Pour Serigne Cheikh Tidiane Sy si l’humanité en arrive à ce point, alors « plus d’humanité et
point de civilisation ! ».
Vision ne pouvait être plus futuriste. Il aura bien fallu attendre la fin du XXème siècle, que le
communisme s’effondre, que Jean-Christophe Ruffin parle d’« empire » et de « nouveaux
barbares », qu’un certain Huntington théorise le « choc des civilisations », que le 11 septembre
se produise, qu’Emmanuel Todd prédise la « fin de l’Empire », qu’on envahisse des pays
souverains au mépris du droit international, que le capitalisme mondial soit frappé par une crise
inouïe, que le terme de régulation réintègre le vocabulaire économique et financier, que la
jeunesse du monde arabe se dresse contre l’injustice des potentats, qu’une réelle crise de
confiance s’installe entre les gouvernés et les gouvernants pour comprendre enfin le vrai sens
et la nécessité de l’éthique dans les rapports politiques et économiques !
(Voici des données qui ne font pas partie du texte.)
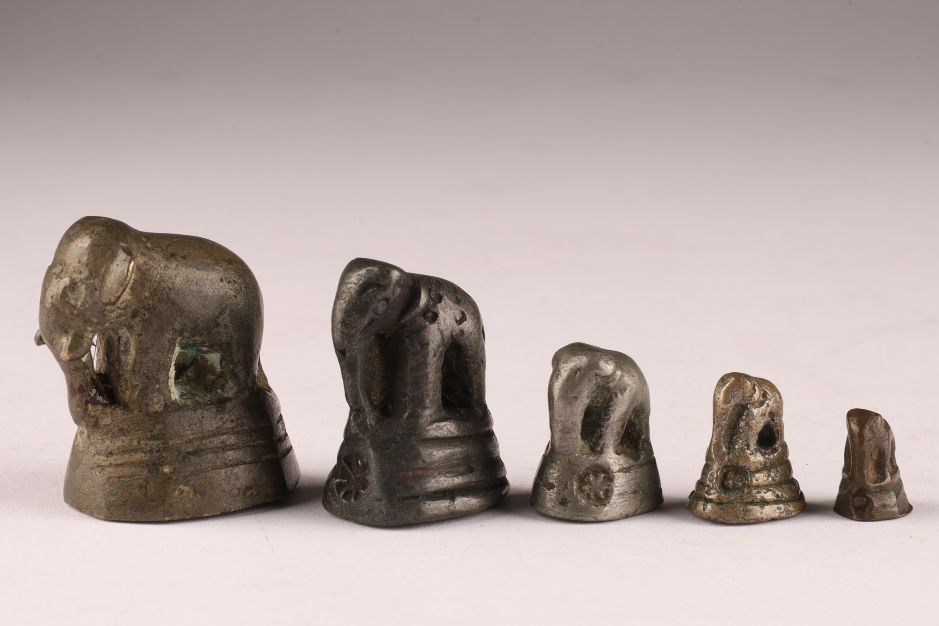 Set Antique Burmese Bronze Opium or Gold Weights Elephants

Pourtant, dès les années 1960, Serigne Cheikh, ce penseur avant-gardiste, l’avait intégré dans
sa conception d’une civilisation universelle durable à laquelle l’islam et les Musulmans devraient
contribuer à la mesure de la pertinence du message Mohammedien. Certainement, pour
théoriser une telle conception et l’harmoniser avec le message islamique au-delà des
particularismes, il fallait compter sur la vision d’un Cheikh Tidiane Sy, ce « philosophe de son
temps » (faylasûfu ‘açrihi) –comme le dit Serigne Maodo Sy – armé d’un sens élevé de la
critique constructive et d’une audace de l’alternative, libératrices des conformismes coutumiers
(âda), puisse l’exprimer en toute responsabilité.